**Exercise aim**
In the entries below, find the line containing "幫男孩找找電眼、幫女孩找找笑" and the line containing "BATTLE4。Q耐性・クリ耐性・宝具耐性3人組。". Copy those two lines and everything between them exactly, without the pictures.

**Dataset extract**

________________________

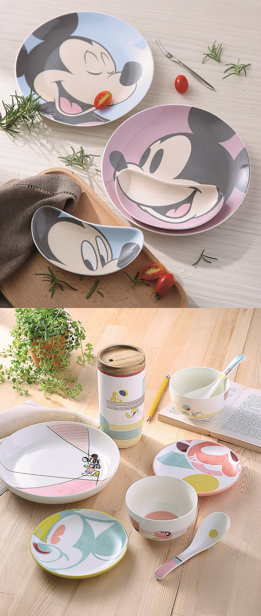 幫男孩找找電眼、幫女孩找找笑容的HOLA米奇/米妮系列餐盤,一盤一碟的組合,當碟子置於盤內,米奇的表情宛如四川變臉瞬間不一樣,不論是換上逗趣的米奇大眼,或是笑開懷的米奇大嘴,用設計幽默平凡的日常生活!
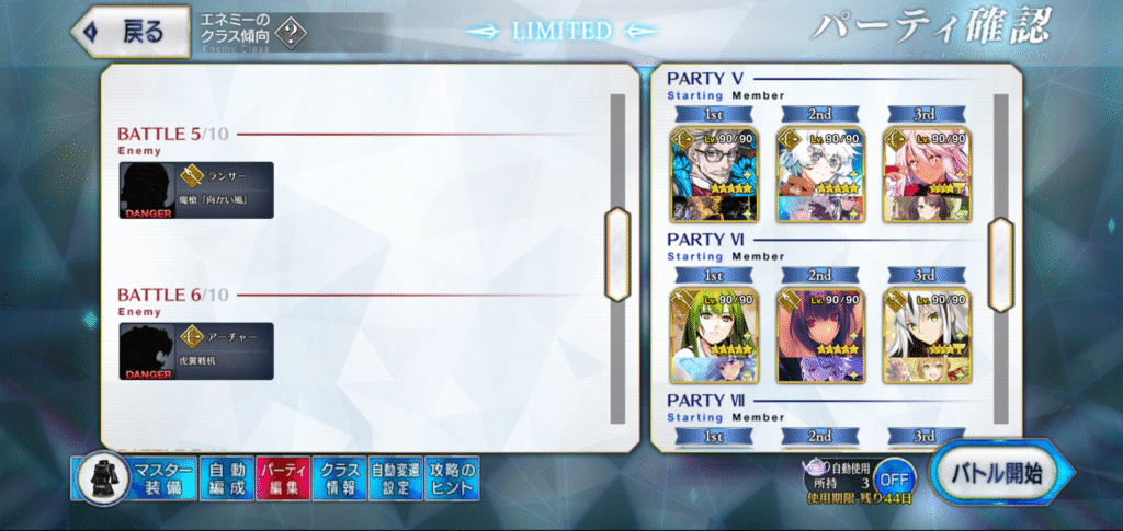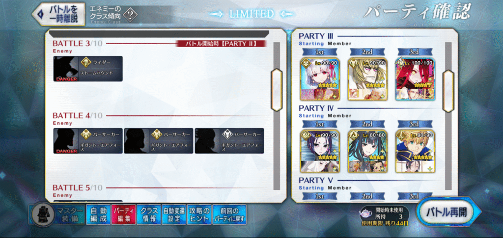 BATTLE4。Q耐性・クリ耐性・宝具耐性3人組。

________________________

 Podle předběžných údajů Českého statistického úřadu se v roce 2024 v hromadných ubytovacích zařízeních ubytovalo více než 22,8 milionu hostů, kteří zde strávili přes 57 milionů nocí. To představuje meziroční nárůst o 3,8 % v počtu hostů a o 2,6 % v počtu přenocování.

________________________

**Solution for this problem**
 幫男孩找找電眼、幫女孩找找笑容的HOLA米奇/米妮系列餐盤,一盤一碟的組合,當碟子置於盤內,米奇的表情宛如四川變臉瞬間不一樣,不論是換上逗趣的米奇大眼,或是笑開懷的米奇大嘴,用設計幽默平凡的日常生活!
 BATTLE4。Q耐性・クリ耐性・宝具耐性3人組。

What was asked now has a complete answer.